Ma passion pour la littérature demeurant intacte, c’est avec un grand plaisir que je vais chroniquer ici « Feuilles d’herbes » le recueil de poèmes de Walt Whitman, grand poète américain du XIX ième siècle que j’ai connu comme principale source écrite de la Guerre de Sécession.

Regroupant en dix sept chapitres, une centaine de poèmes écrits entre 1855 et 1891, « Feuilles d’herbes » se lit d’une traite et permet d’appréhender de manière globale la pensée du poète au travers du développement de ses thèmes favoris.

On retrouve donc en tête de liste la fascination pour la Nature, source d’émerveillement et d’inspiration quasi constante pour Whitman, qui a une vision très large du Monde, des êtres qui l’habitent allant même jusqu’à envisager le cosmos dans sa globalité.

Fort logiquement, ses chers Etats-Unis qu’il ne quitta jamais prennent la première place avec une prédilection pour le Sud ou il vécu et son quartier de résidence à New-York : Manhattan et sa marée grouillante d’humanité.

Outre la description de la beauté des paysages et du miracle de la vie, Whitman développe l’idée générale que tous les hommes sont ses frères, y compris ceux les peuples réputés « primitifs » très éloignés de sa vie aux Etats-Unis.

Cette prise de position dans une Amérique prônant encore à l’époque l’esclavage et une très forte ségrégation raciale est importante et classera indéniablement le poète du coté de l’armée nordiste, par nature abolitionniste lors du conflit de la guerre de Sécession.

Whitman aime donc la vie, les hommes mais ses écrits relatent plus qu’une simple constations de la beauté du Monde qui l’environne, y voyant une unité logique, un continuum permanent s’exerçant depuis l’aube de l’humanité et aboutissant à l’immortalité des âmes par nature transcendant leur fragile enveloppe corporelle.

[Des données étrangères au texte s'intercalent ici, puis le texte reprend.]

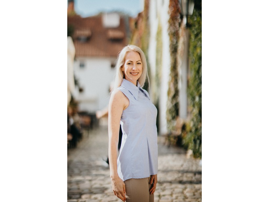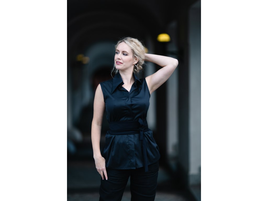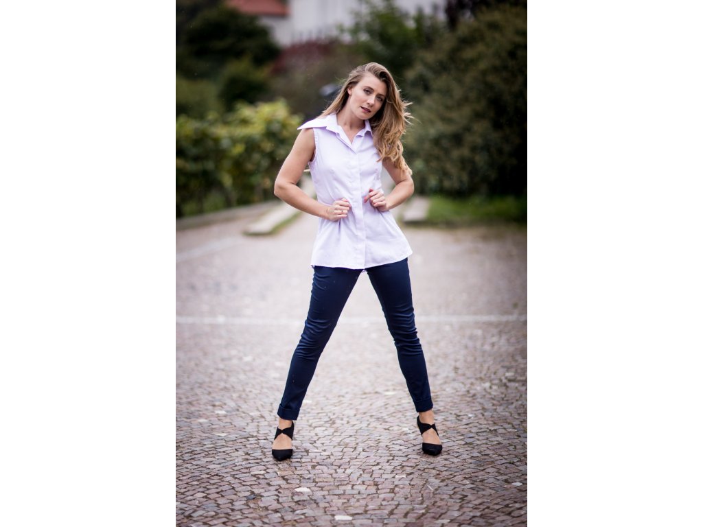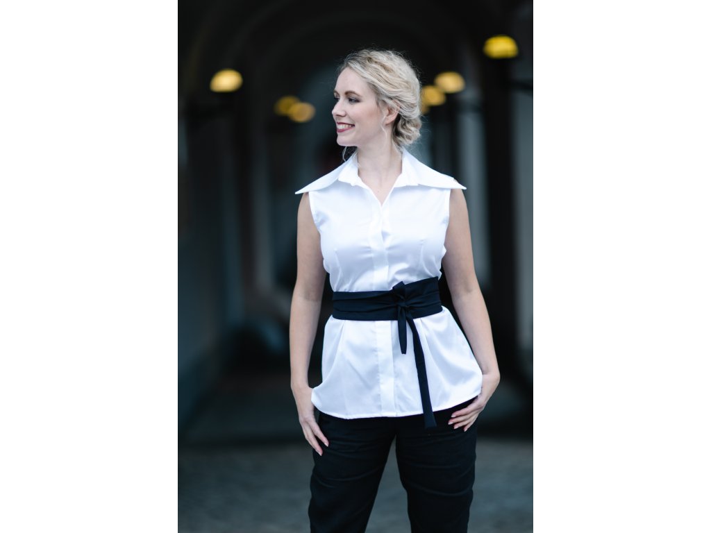 Elegantní delší projmutá halenka se skrytým zapínáním a širokým límcem. Poslední knoflíček je křišťálový. Rukávy jsou dlouhé s manžetou, kterou lze uvázat na elegantní uzlík.

Un autre axe de l’émerveillement de Whitman est constitué de son gout pour la technologie et particulièrement l’essor industriel du XIX ième siècle avec les navires et autres trains à vapeur qui révolutionnent le mode de vie des américains.

Whitman est passionné par le progrès et les techniques qui se développent, consacrant plusieurs poèmes au savoir faire manuel ou à des outils aussi symboliques que la hache.

Mais le talent du poète explose davantage dans la partie la plus militaire de son œuvre consacrée à la Guerre de Sécession avec une fascination marquée pour la symbolique de l’Armée : uniformes, drapeaux, tambours s’exhibant dans de spectaculaires parade à Broadway.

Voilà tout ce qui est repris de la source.